BLT Berbelit Turunkan Kepercayaan Publik

Sebarkan artikel ini

Oleh : Noriah
Aktivis Mahasiswa, Palangka Raya

Penanganan epidemi Corona yang dilakukan pemerintah sepertinya terus menjadi sorotan warganet yang saat ini banyak berselancar di dunia maya ketimbang dunia nyata semenjak #dirumah aja akibat Covid-19 melanda. Kebijakan pemerintah yang digullirkan pun seolah tak menunjukkan adanya titik terang dalam menangkal virus. Dimulai dari social dan pysical distancing, darurat sipil, hingga pembatasan sosial berskala besar (PSBB), namun kasus positif Covid-19 masih terus saja meningkat tak menunjukkan adanya penurunan yang signifikan. Hingga Jumat (01/05/20) Indonesia mengkonfirmasi bahwa jumlah pasien posisitf telah mencapai angka 10551 kasus dengan 800 orang meninggal dunia (Kompas.com 01/05/20).

Android

Bantuan sosial pun semakin gencar dilakukan di sejumlah daerah, mulai dari bansos sembako hingga bansos tunai. Meski begitu, banyak masyarakat miskin yang belum tersentuh. Bahkan, tak jarang bantuan sosial atau bansos dari pemerintah daerah malah tak tepat sasaran. Misalnya saja Anggota Dewan Perwakilan Rakyat Daerah (DPRD) DKI Jakarta dari fraksi Partai Demokrasi Indonesia Perjuangan (PDIP), Jhonny Simanjuntak, yang terdata sebagai salah satu penerima bansos. Karena hal ini, Pemprov DKI Jakarta dianggap asal dalam menyalurkan bansos.

Dilansir dari laman vivanews.com (24/04/20), Anggota Dewan Perwakilan Rakyat Daerah Jawa Timur, Achmad Amir, menceritakan bantuan antara pemerintah provinsi dan tingkat desa yang tumpang tindih. Lalu, masyarakat yang berada di rumah hanya mendapat masker dan sembako.
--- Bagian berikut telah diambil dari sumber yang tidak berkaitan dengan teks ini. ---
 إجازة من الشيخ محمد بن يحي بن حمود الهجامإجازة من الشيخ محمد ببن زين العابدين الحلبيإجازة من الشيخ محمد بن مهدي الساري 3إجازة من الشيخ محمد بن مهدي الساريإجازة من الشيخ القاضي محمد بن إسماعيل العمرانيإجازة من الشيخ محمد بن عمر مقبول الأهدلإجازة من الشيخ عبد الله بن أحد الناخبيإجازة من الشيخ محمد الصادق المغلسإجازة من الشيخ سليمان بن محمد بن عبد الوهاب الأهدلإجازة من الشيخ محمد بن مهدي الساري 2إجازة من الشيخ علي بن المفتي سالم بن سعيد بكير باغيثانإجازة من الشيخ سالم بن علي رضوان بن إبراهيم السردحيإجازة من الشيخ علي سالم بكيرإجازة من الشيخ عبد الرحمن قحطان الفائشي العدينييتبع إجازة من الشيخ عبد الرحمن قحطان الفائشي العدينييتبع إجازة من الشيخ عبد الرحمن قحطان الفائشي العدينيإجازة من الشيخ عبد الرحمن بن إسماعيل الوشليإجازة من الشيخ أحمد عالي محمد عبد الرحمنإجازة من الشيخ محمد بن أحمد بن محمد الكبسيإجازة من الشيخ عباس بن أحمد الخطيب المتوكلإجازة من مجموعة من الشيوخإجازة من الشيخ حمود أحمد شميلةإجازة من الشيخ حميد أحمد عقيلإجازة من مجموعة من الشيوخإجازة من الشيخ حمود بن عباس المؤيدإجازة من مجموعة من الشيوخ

Tapi, mereka yang keluyuran malah dapat bantuan lebih.

Perspektif publik terkait program pemberian bantuan sosial (bansos) untuk menanggulangi dampak negatif pandemi Covid-19 ini pun berubah dari positif menjadi negatif. Hal ini dibuktikan dengan banyaknya orang-orang yang berkomentar dan mengkritik terkait pelaksanaan pemberian bansos tersebut. Seperti dilansir dari laman katadata.co.id (26/04/20) Wakil Direktur Institute for Development of Economics and Finance (Indef) Eko Listiyanto mengungkapkan, melalui pemantauan media sosial Twitter awalnya terlihat publik menyambut baik kebijakan pemerintah menetapkan sejumlah bansos, namun kemudian keluhan di tingkat daerah cukup banyak terkait pelaksanaannya, sehingga persepsi publik pun turun.
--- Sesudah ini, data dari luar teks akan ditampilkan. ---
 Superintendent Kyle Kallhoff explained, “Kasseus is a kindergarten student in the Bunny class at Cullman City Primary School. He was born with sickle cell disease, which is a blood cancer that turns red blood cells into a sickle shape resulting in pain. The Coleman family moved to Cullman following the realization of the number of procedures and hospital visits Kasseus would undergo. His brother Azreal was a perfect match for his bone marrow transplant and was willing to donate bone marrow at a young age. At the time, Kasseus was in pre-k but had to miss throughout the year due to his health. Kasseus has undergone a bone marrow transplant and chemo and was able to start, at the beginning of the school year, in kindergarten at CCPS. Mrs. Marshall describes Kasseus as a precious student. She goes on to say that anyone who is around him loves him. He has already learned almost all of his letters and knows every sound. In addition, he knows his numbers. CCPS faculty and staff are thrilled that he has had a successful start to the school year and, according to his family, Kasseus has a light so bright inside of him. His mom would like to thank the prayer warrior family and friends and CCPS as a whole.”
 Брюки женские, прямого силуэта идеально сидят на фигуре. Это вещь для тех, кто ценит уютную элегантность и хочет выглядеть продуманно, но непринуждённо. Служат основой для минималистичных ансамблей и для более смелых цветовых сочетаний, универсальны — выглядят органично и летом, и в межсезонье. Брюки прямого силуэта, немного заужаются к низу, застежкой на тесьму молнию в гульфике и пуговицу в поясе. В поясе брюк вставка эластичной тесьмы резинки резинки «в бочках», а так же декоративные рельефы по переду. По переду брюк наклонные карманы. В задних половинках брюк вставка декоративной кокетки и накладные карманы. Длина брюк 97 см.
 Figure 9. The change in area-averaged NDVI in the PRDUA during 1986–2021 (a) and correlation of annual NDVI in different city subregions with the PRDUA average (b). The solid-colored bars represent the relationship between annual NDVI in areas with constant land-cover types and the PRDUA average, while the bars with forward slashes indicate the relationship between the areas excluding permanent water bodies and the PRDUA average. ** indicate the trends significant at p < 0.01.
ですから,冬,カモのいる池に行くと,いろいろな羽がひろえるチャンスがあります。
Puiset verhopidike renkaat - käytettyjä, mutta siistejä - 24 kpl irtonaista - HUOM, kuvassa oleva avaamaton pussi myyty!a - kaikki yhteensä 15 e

Jangankan rakyat, pemerintah daerahpun pusing dibuatnya. Pasalnya, penyaluran Bantuan Langsung Tunai (BLT) dari dana desa kepada masyarakat yang diatur dalam surat No 1261 Kemendes-PDT dinilai prosedurnya cukup panjang dan berbelit yakni tertib administrasi dan punya rekening bank sebagai syarat utama BLT.
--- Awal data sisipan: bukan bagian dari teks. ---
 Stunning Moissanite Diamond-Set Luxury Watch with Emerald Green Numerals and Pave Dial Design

Hal ini disampaikan oleh Bupati Bolaang Mongondow Timur (Boltim), Sulawesi Utara, Sehan Salim Landjar yang video kritikannya voral di media sosial. Sehan Landjar geram karena mekanisme pembagian BLT dari pemerintah pusat dianggap sulit. Dikatakannya mekanisme pemberian BLT tersebut terbilang menyulitkan warga. Warga, menurutnya, tak bisa harus menunggu lama untuk mendapatkan bantuan itu. (detik.com 26/04/20)

“Iya, masalahnya sampai saat ini BLT nya belum ada, musti (harus) lengkap administrasi, dan buka rekening bank, sementara perutnya perlu diisi sekarang,” ujarnya.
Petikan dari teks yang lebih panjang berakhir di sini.